Interested redevelopers were asked to provide details on their financial background, their experience with other redevelopment projects, information about the staff who would be involved and their concepts for the 9.53 acres of property that the redeveloper will purchase from the township. Respondents also were asked to provide details on the phases of the redevelopment and how it would be scheduled.
The township council last November adopted the redevelopment plan that establishes the redevelopment standards including building height, density, exterior design and parking. The redevelopment plan calls for a maximum of 350 residential units spread amongst the downtown properties, with certain set-asides for affordable units and for veterans, to be located in new five-story developments where the municipal building and adjacent parking lot are now located as well as where the municipal parking lot in front of the library now exsists. A minimum of 15,000 square feet of first-floor commercial space will be included in those new buildings.

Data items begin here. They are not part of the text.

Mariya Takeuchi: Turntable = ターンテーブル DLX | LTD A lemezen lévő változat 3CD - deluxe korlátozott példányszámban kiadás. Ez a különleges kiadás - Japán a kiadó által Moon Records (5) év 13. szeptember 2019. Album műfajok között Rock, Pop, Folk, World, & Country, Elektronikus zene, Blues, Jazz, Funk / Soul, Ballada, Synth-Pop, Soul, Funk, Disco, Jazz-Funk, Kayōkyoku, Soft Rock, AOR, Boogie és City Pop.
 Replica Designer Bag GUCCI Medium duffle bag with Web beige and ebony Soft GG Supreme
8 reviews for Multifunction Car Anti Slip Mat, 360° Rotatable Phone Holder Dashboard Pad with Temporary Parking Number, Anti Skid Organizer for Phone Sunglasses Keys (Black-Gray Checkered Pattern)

A new, 27,000-square-foot, two-story library will be built where the current library sits and 16,000 square feet for municipal government offices will be located on the third floor of that same building. The plans also call for development of two sizable public plazas — an 8,000-square-foot plaza on Park Avenue on the town hall property and a 5,500-square-foot plaza between the library and a new mixed-use building on Bartle Avenue.
The plan also calls for the police and fire department headquarters as well as the rescue squad to be relocated out of the downtown to township-owned property on Plainfield Avenue across from the public works facility. In May, the planning board gave its backing to a report by its planner that found that the adjoining lots on Plainfield Avenue — one a public works leaf and equipment storage yard across from Memorial Field and the other a conservation zone — met the criteria to be declared as an Area in Need of Redevelopment. And the township council last month authorized the preparation of a redevelopment plan for the Plainfield Avenue site.